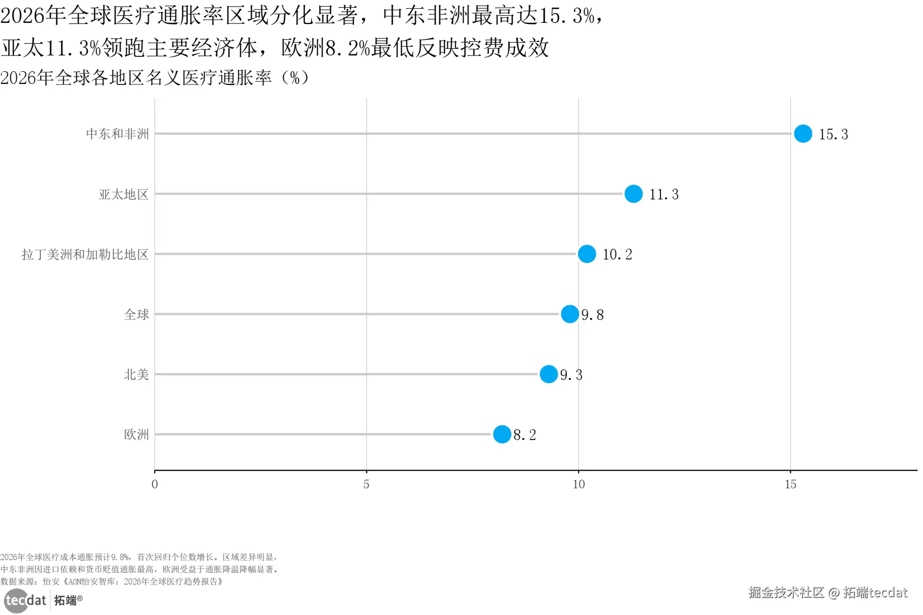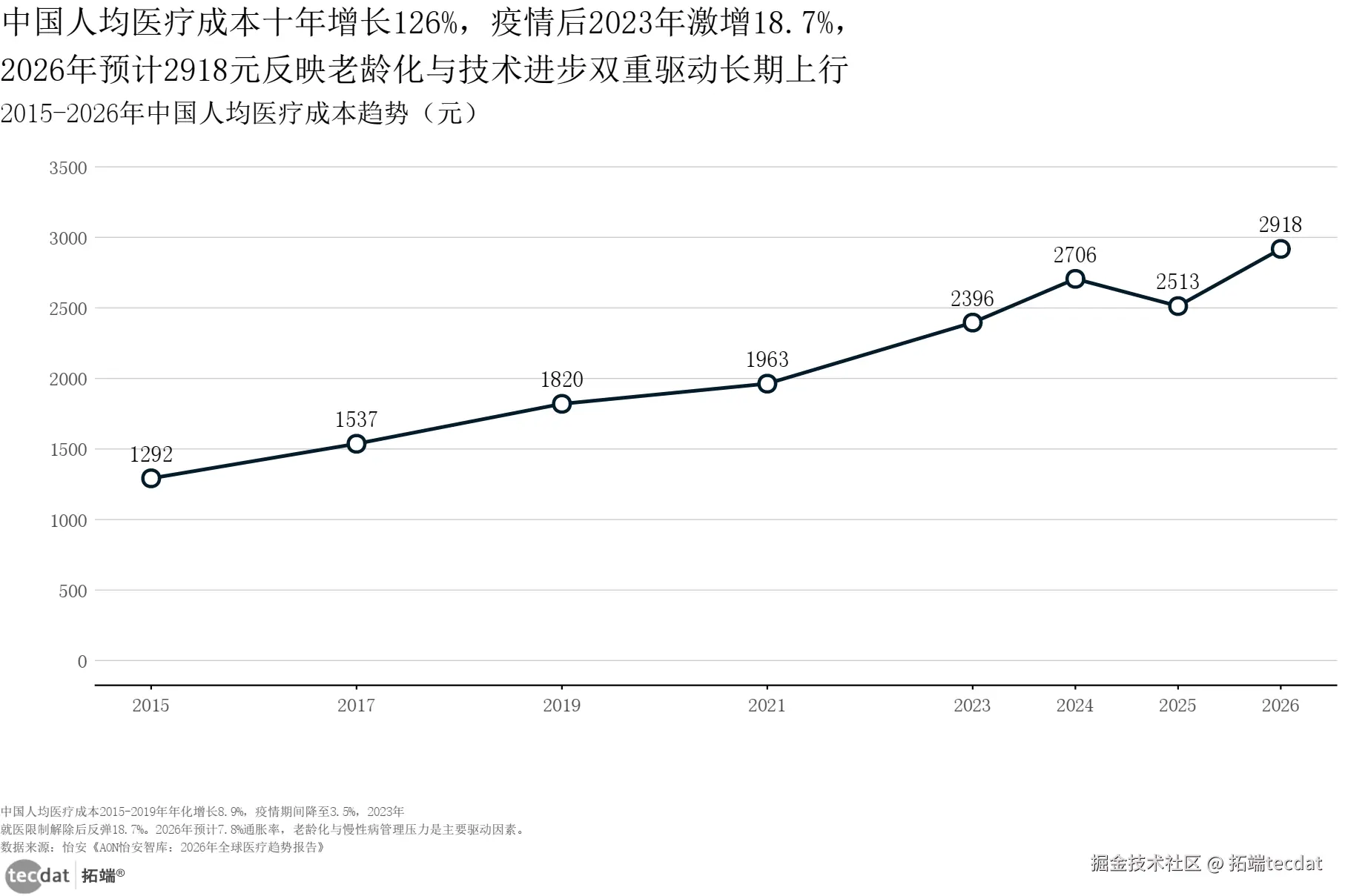 这种医疗行业的逆周期火热并非中国独有,而是全球范围内的普遍现象。根据怡安《2026年全球医疗趋势报告》,2026年全球平均医疗通胀率预计为9.8%,自2023年以来首次回归个位数增长,但区域差异极为显著(见图1)。中东和非洲以15.3%的增速领跑,亚太地区11.3%紧随其后,欧洲仅为8.2%。中国作为亚太地区最大的医疗市场,人均医疗成本十年增长126%,从2015年的1292元增至2026年的2918元,年化增长率达8.5%(见图2)。
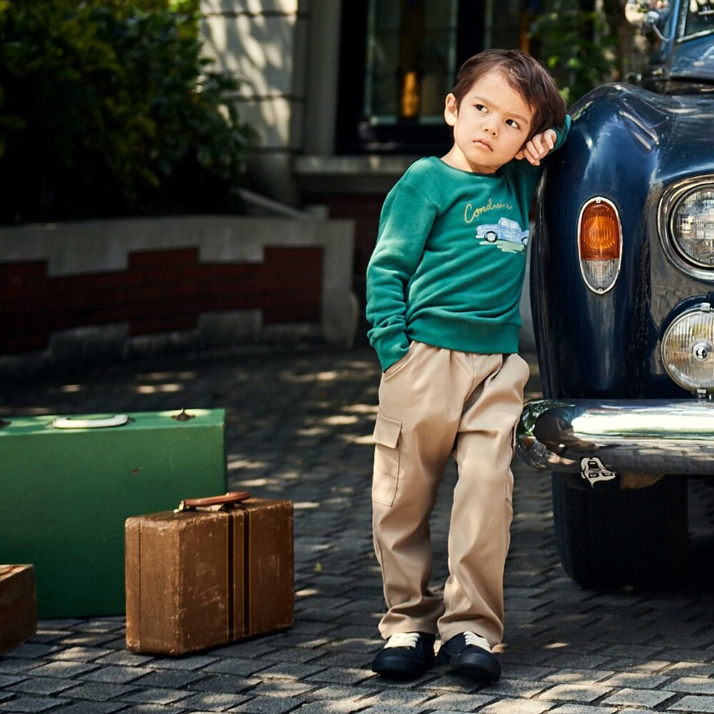 乗り物プリントでも子供っぽくなりすぎずかっこよく着られるデザインです。
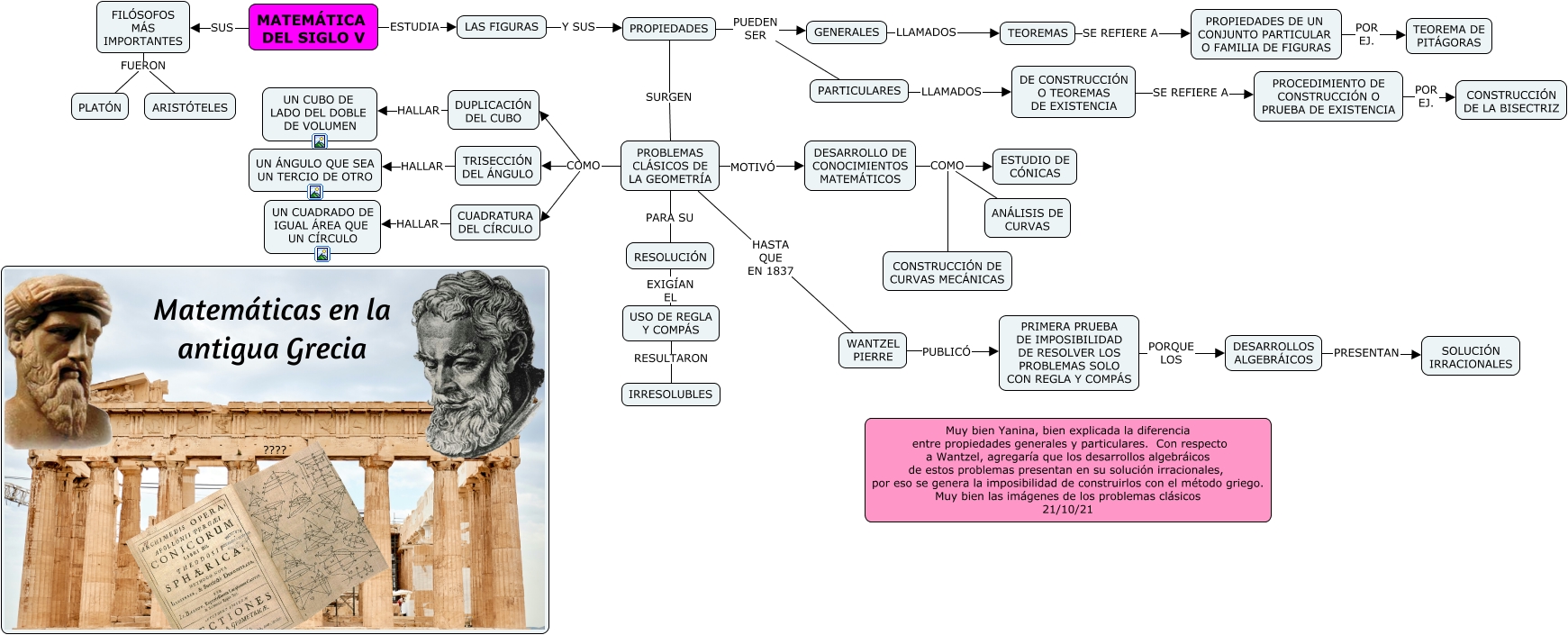 Este Cmap, tiene información relacionada con: 5. MATEMÁTICA DEL SIGLO V, PROPIEDADES DE UN CONJUNTO PARTICULAR O FAMILIA DE FIGURAS POR EJ. TEOREMA DE PITÁGORAS, PROCEDIMIENTO DE CONSTRUCCIÓN O PRUEBA DE EXISTENCIA POR EJ. CONSTRUCCIÓN DE LA BISECTRIZ, PARTICULARES LLAMADOS DE CONSTRUCCIÓN O TEOREMAS DE EXISTENCIA, PROBLEMAS CLÁSICOS DE LA GEOMETRÍA MOTIVÓ DESARROLLO DE CONOCIMIENTOS MATEMÁTICOS, TEOREMAS SE REFIERE A PROPIEDADES DE UN CONJUNTO PARTICULAR O FAMILIA DE FIGURAS, GENERALES LLAMADOS TEOREMAS, PROBLEMAS CLÁSICOS DE LA GEOMETRÍA COMO DUPLICACIÓN DEL CUBO, WANTZEL PIERRE PUBLICÓ PRIMERA PRUEBA DE IMPOSIBILIDAD DE RESOLVER LOS PROBLEMAS SOLO CON REGLA Y COMPÁS, DESARROLLO DE CONOCIMIENTOS MATEMÁTICOS COMO ANÁLISIS DE CURVAS, PROPIEDADES SURGEN PROBLEMAS CLÁSICOS DE LA GEOMETRÍA, PROBLEMAS CLÁSICOS DE LA GEOMETRÍA COMO TRISECCIÓN DEL ÁNGULO, MATEMÁTICA DEL SIGLO V ESTUDIA LAS FIGURAS, CUADRATURA DEL CÍRCULO HALLAR UN CUADRADO DE IGUAL ÁREA QUE UN CÍRCULO, RESOLUCIÓN EXIGÍAN EL USO DE REGLA Y COMPÁS, PROBLEMAS CLÁSICOS DE LA GEOMETRÍA PARA SU RESOLUCIÓN, PRIMERA PRUEBA DE IMPOSIBILIDAD DE RESOLVER LOS PROBLEMAS SOLO CON REGLA Y COMPÁS PORQUE LOS DESARROLLOS ALGEBRÁICOS, LAS FIGURAS Y SUS PROPIEDADES, DE CONSTRUCCIÓN O TEOREMAS DE EXISTENCIA SE REFIERE A PROCEDIMIENTO DE CONSTRUCCIÓN O PRUEBA DE EXISTENCIA, FILÓSOFOS MÁS IMPORTANTES FUERON PLATÓN, DESARROLLO DE CONOCIMIENTOS MATEMÁTICOS COMO ESTUDIO DE CÓNICAS

◆ EXERCISE OBJECTIVE
When repeating the material above, keep every line exact and drop all pictures.

◆ ANSWER SPACE
 这种医疗行业的逆周期火热并非中国独有,而是全球范围内的普遍现象。根据怡安《2026年全球医疗趋势报告》,2026年全球平均医疗通胀率预计为9.8%,自2023年以来首次回归个位数增长,但区域差异极为显著(见图1)。中东和非洲以15.3%的增速领跑,亚太地区11.3%紧随其后,欧洲仅为8.2%。中国作为亚太地区最大的医疗市场,人均医疗成本十年增长126%,从2015年的1292元增至2026年的2918元,年化增长率达8.5%(见图2)。
 乗り物プリントでも子供っぽくなりすぎずかっこよく着られるデザインです。
 Este Cmap, tiene información relacionada con: 5. MATEMÁTICA DEL SIGLO V, PROPIEDADES DE UN CONJUNTO PARTICULAR O FAMILIA DE FIGURAS POR EJ. TEOREMA DE PITÁGORAS, PROCEDIMIENTO DE CONSTRUCCIÓN O PRUEBA DE EXISTENCIA POR EJ. CONSTRUCCIÓN DE LA BISECTRIZ, PARTICULARES LLAMADOS DE CONSTRUCCIÓN O TEOREMAS DE EXISTENCIA, PROBLEMAS CLÁSICOS DE LA GEOMETRÍA MOTIVÓ DESARROLLO DE CONOCIMIENTOS MATEMÁTICOS, TEOREMAS SE REFIERE A PROPIEDADES DE UN CONJUNTO PARTICULAR O FAMILIA DE FIGURAS, GENERALES LLAMADOS TEOREMAS, PROBLEMAS CLÁSICOS DE LA GEOMETRÍA COMO DUPLICACIÓN DEL CUBO, WANTZEL PIERRE PUBLICÓ PRIMERA PRUEBA DE IMPOSIBILIDAD DE RESOLVER LOS PROBLEMAS SOLO CON REGLA Y COMPÁS, DESARROLLO DE CONOCIMIENTOS MATEMÁTICOS COMO ANÁLISIS DE CURVAS, PROPIEDADES SURGEN PROBLEMAS CLÁSICOS DE LA GEOMETRÍA, PROBLEMAS CLÁSICOS DE LA GEOMETRÍA COMO TRISECCIÓN DEL ÁNGULO, MATEMÁTICA DEL SIGLO V ESTUDIA LAS FIGURAS, CUADRATURA DEL CÍRCULO HALLAR UN CUADRADO DE IGUAL ÁREA QUE UN CÍRCULO, RESOLUCIÓN EXIGÍAN EL USO DE REGLA Y COMPÁS, PROBLEMAS CLÁSICOS DE LA GEOMETRÍA PARA SU RESOLUCIÓN, PRIMERA PRUEBA DE IMPOSIBILIDAD DE RESOLVER LOS PROBLEMAS SOLO CON REGLA Y COMPÁS PORQUE LOS DESARROLLOS ALGEBRÁICOS, LAS FIGURAS Y SUS PROPIEDADES, DE CONSTRUCCIÓN O TEOREMAS DE EXISTENCIA SE REFIERE A PROCEDIMIENTO DE CONSTRUCCIÓN O PRUEBA DE EXISTENCIA, FILÓSOFOS MÁS IMPORTANTES FUERON PLATÓN, DESARROLLO DE CONOCIMIENTOS MATEMÁTICOS COMO ESTUDIO DE CÓNICAS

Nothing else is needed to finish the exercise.